(Stored dataset items)
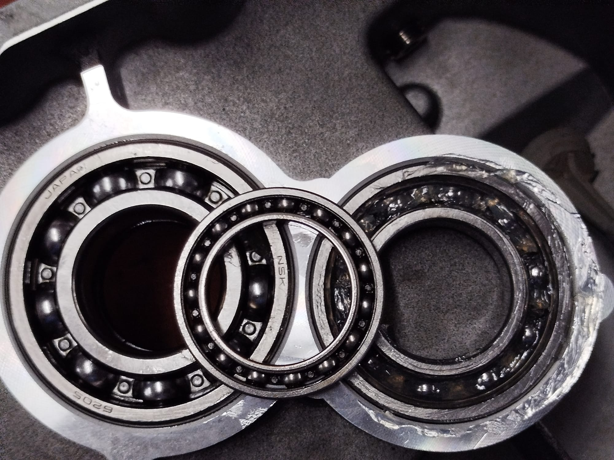 Es wurden wohl die drei kleinen (6805 D25xD37x7) Lager gegen Größere (6005) ersetz.
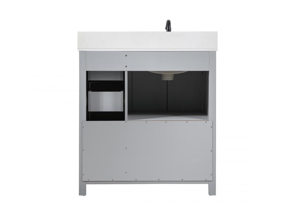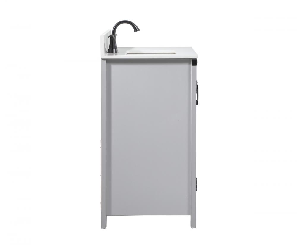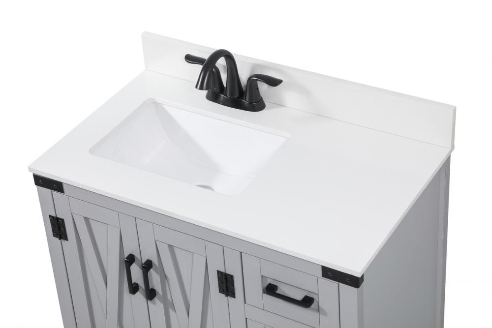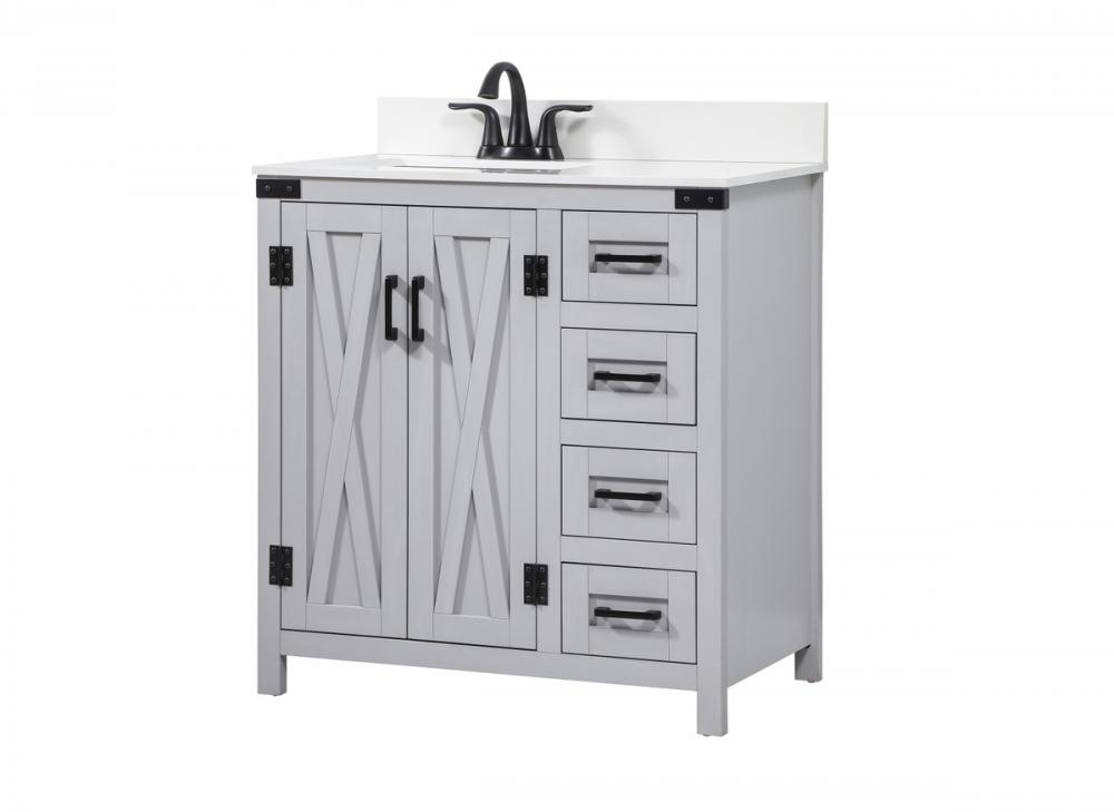 Reminiscent of barn doors, the two door cabinet and four drawers adds both stylistic charm and function with its plethora of storage options for all your bathroom essentials. Whether for your bathroom or the guests', everyone will marvel at its classic look for traditional and farmhouse aesthetics. A slab of engineered marble rounds out the piece up top, as well as the porcelain under mount sink and predrilled faucet holes. This vanity arrives fully assembled. Comes with a matching backsplash to complete the look and protects your wall.
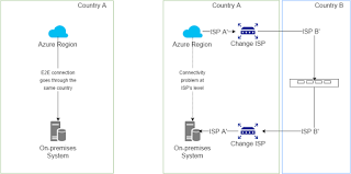Tot conţinutul trimis dintr-o regiune Azure la un sistem local va trece prin furnizorii locali ISP (Internet Service Providers/furnizori de servicii Internet) ai ţărilor respective. Conţinutul nu va părăsi acea ţară specifică atâta timp cât sistemul local este ȋn aceeași ţară ca regiunea Azure.
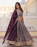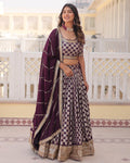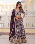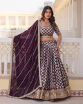 Elevate your ethnic ensemble with this wine-colored pure viscose jacquard lehenga choli, featuring an unstitched blouse for personalized tailoring. The rich jacquard fabric exudes elegance, making it perfect for weddings and special occasions. This ensemble promises a blend of traditional charm and modern style, ensuring a sophisticated and memorable appearance.
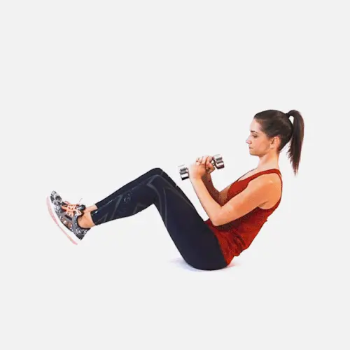 در حالت درازکش، دمبل سبک روی سینه، نیمتنه رو بالا بیار و عضلات شکم رو منقبض کن.
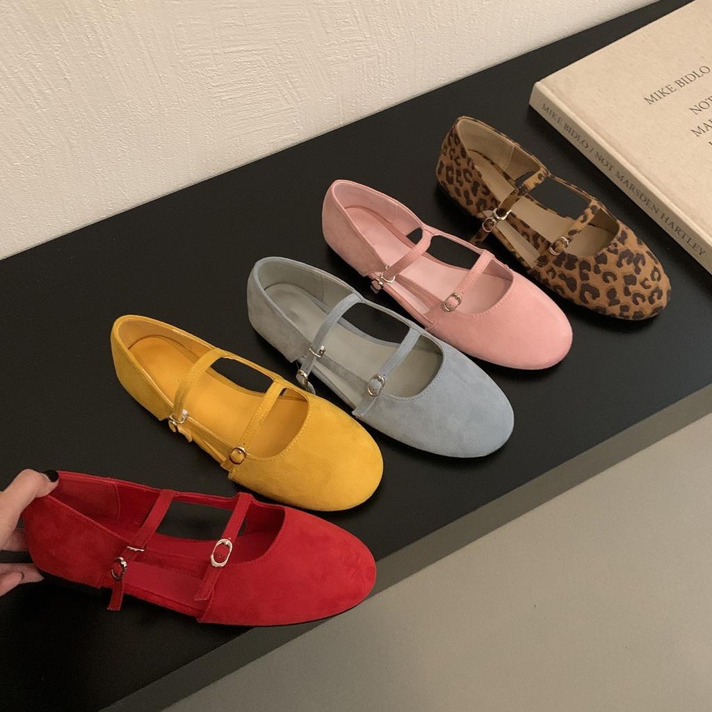French suede hollow Mary Jane shoes 2025 spring and summer one-word buckle belt hollow flat soft-soled ballet shoes
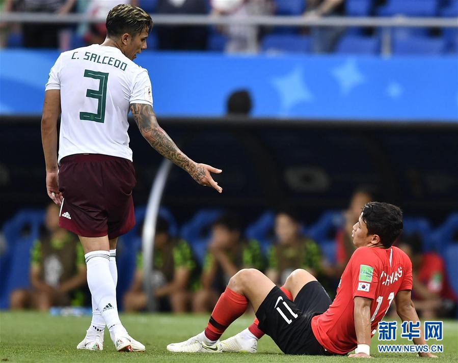 6月23日,墨西哥队球员萨尔塞多(左)在比赛后欲扶起韩国队球员黄喜灿。当日,在顿河畔罗斯托夫进行的2018俄罗斯世界杯足球赛F组小组赛中,墨西哥队以2比1战胜韩国队。 新华社记者陈益宸摄
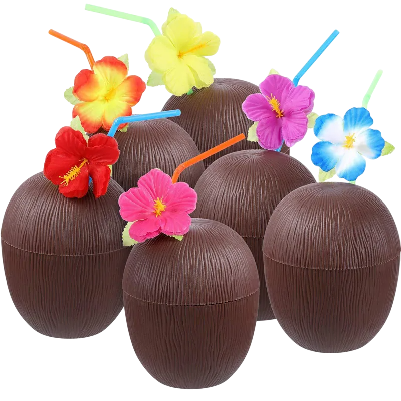 Adu un accent tropical sărbătorilor tale cu aceste cupe originale din plastic în formă de nucă de cocos. Sunt ideale pentru servirea sucurilor, cocktailurilor și băuturilor răcoritoare în timpul sărbătorilor de vară, nunților, zilelor de naștere, petrecerilor pe plajă sau serilor la piscină. Designul autentic al nucii de cocos creează o atmosferă plăcută și completează perfect decorațiunile tematice. Datorită construcției ușoare și rezistente din plastic, cupele sunt reutilizabile, ușor de curățat și sigure pentru utilizarea de către copii. Acestea sunt nu doar un recipient practic pentru băuturi, ci și un element decorativ pentru servire.
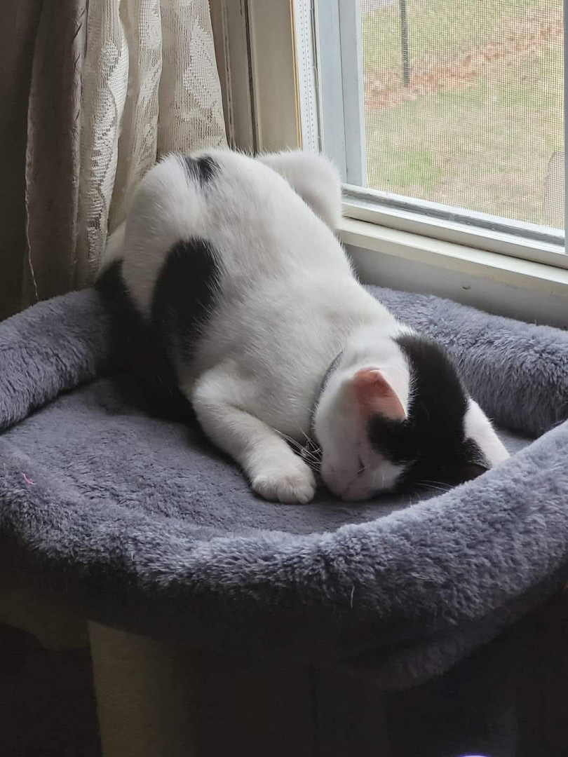 He likes to play with laser toys, and rechargeable balls that zip around the house. He loves Temptations cat nip treats.
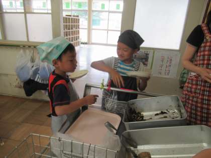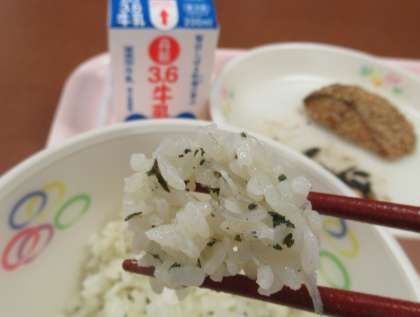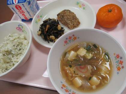 今日の献立は、沼津茶飯・鰆の香味焼き・ひじきと大豆の炒め煮・春雨のすまし汁・牛乳です。「ふるさと給食の日」なので、ご飯には沼津茶とたっぷりのしらす干しが使われています。ひじきもおいしく煮えていて、1年生もおかわりをしていました。
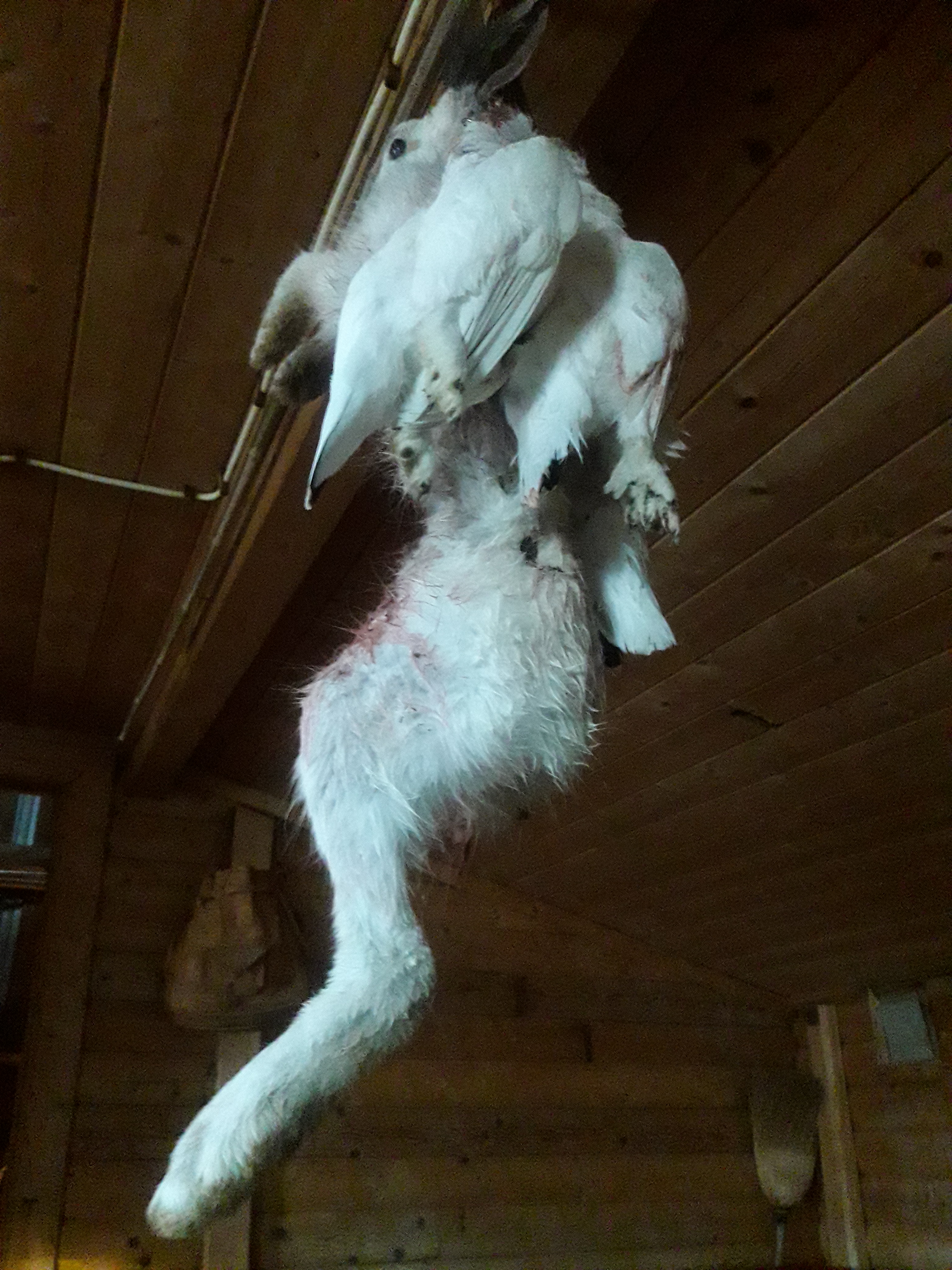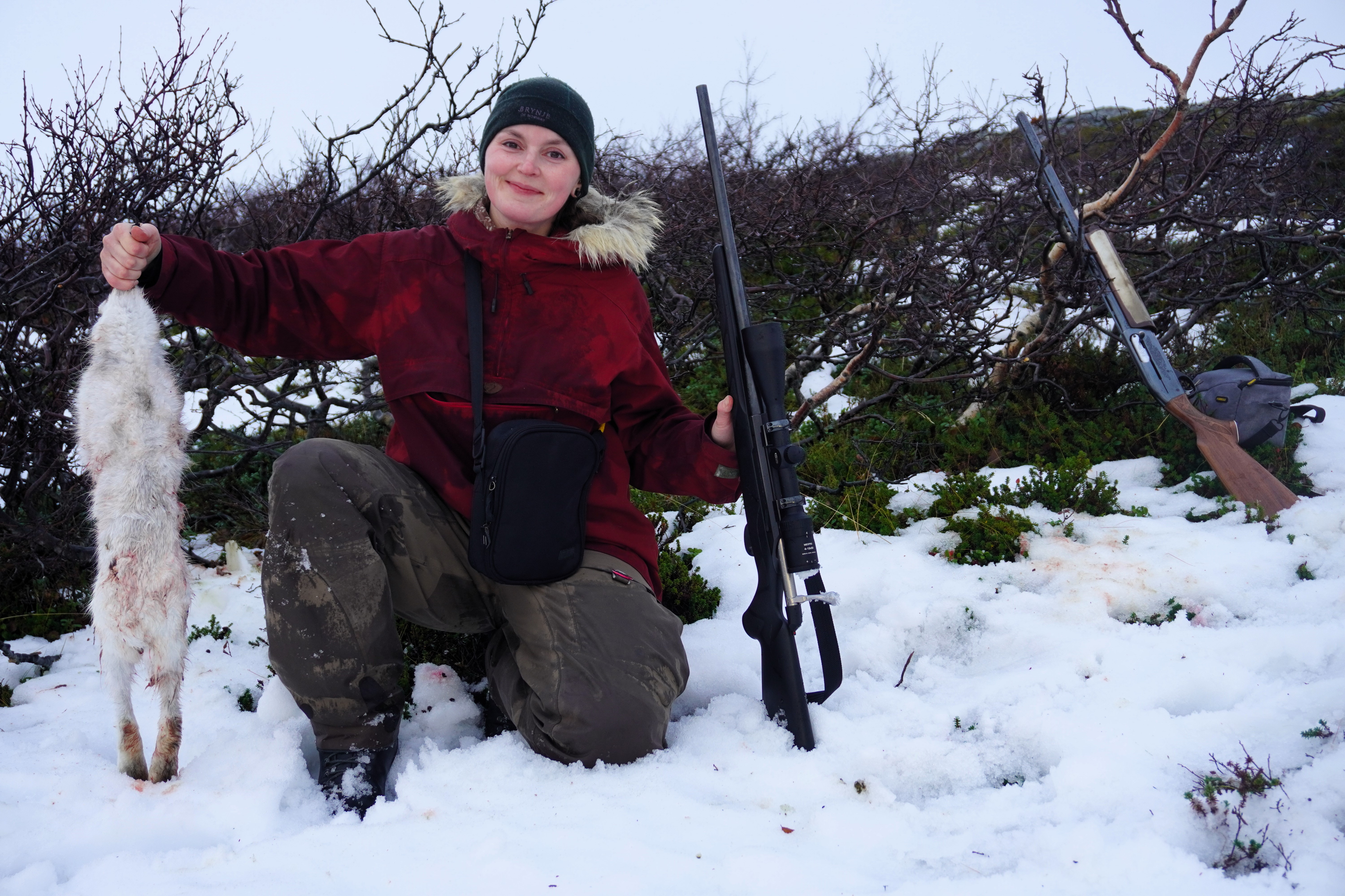 Dagens fangst blir i form av en hare, som vi finner i et område med lavt bjørkekratt. På relativt kort hold er den et kurant mål gjennom kikkertsiktet, og Sunniva lar skuddet falle. Prosjektilet tar seg av både avlivning og utvomming på en gang. Men kjøttet berges fint. På tampen av dagen forsøker vi oss rundt noen granfelter, der harene spretter frem som hvite prosjektiler mellom alt det mørkegrønne. Etter et par bomskudd med hagle senere, og noen skudd som ikke kunne avfyres pga nærhet til bebyggelse, avslutter vi. Det er nå dags for å hvile slitne ben, og returnere til det gamle småbruket der vi er makelig innlosjerte i en flott gammel fjøs.

◆ EXERCISE
With the images excluded, reproduce the data above precisely as written.

◆ SOLUTION TO THIS TASK
 Es wurden wohl die drei kleinen (6805 D25xD37x7) Lager gegen Größere (6005) ersetz.
 Reminiscent of barn doors, the two door cabinet and four drawers adds both stylistic charm and function with its plethora of storage options for all your bathroom essentials. Whether for your bathroom or the guests', everyone will marvel at its classic look for traditional and farmhouse aesthetics. A slab of engineered marble rounds out the piece up top, as well as the porcelain under mount sink and predrilled faucet holes. This vanity arrives fully assembled. Comes with a matching backsplash to complete the look and protects your wall.
Tot conţinutul trimis dintr-o regiune Azure la un sistem local va trece prin furnizorii locali ISP (Internet Service Providers/furnizori de servicii Internet) ai ţărilor respective. Conţinutul nu va părăsi acea ţară specifică atâta timp cât sistemul local este ȋn aceeași ţară ca regiunea Azure.
 Elevate your ethnic ensemble with this wine-colored pure viscose jacquard lehenga choli, featuring an unstitched blouse for personalized tailoring. The rich jacquard fabric exudes elegance, making it perfect for weddings and special occasions. This ensemble promises a blend of traditional charm and modern style, ensuring a sophisticated and memorable appearance.
 در حالت درازکش، دمبل سبک روی سینه، نیمتنه رو بالا بیار و عضلات شکم رو منقبض کن.
French suede hollow Mary Jane shoes 2025 spring and summer one-word buckle belt hollow flat soft-soled ballet shoes
 6月23日,墨西哥队球员萨尔塞多(左)在比赛后欲扶起韩国队球员黄喜灿。当日,在顿河畔罗斯托夫进行的2018俄罗斯世界杯足球赛F组小组赛中,墨西哥队以2比1战胜韩国队。 新华社记者陈益宸摄
 Adu un accent tropical sărbătorilor tale cu aceste cupe originale din plastic în formă de nucă de cocos. Sunt ideale pentru servirea sucurilor, cocktailurilor și băuturilor răcoritoare în timpul sărbătorilor de vară, nunților, zilelor de naștere, petrecerilor pe plajă sau serilor la piscină. Designul autentic al nucii de cocos creează o atmosferă plăcută și completează perfect decorațiunile tematice. Datorită construcției ușoare și rezistente din plastic, cupele sunt reutilizabile, ușor de curățat și sigure pentru utilizarea de către copii. Acestea sunt nu doar un recipient practic pentru băuturi, ci și un element decorativ pentru servire.
 He likes to play with laser toys, and rechargeable balls that zip around the house. He loves Temptations cat nip treats.
 今日の献立は、沼津茶飯・鰆の香味焼き・ひじきと大豆の炒め煮・春雨のすまし汁・牛乳です。「ふるさと給食の日」なので、ご飯には沼津茶とたっぷりのしらす干しが使われています。ひじきもおいしく煮えていて、1年生もおかわりをしていました。
 Dagens fangst blir i form av en hare, som vi finner i et område med lavt bjørkekratt. På relativt kort hold er den et kurant mål gjennom kikkertsiktet, og Sunniva lar skuddet falle. Prosjektilet tar seg av både avlivning og utvomming på en gang. Men kjøttet berges fint. På tampen av dagen forsøker vi oss rundt noen granfelter, der harene spretter frem som hvite prosjektiler mellom alt det mørkegrønne. Etter et par bomskudd med hagle senere, og noen skudd som ikke kunne avfyres pga nærhet til bebyggelse, avslutter vi. Det er nå dags for å hvile slitne ben, og returnere til det gamle småbruket der vi er makelig innlosjerte i en flott gammel fjøs.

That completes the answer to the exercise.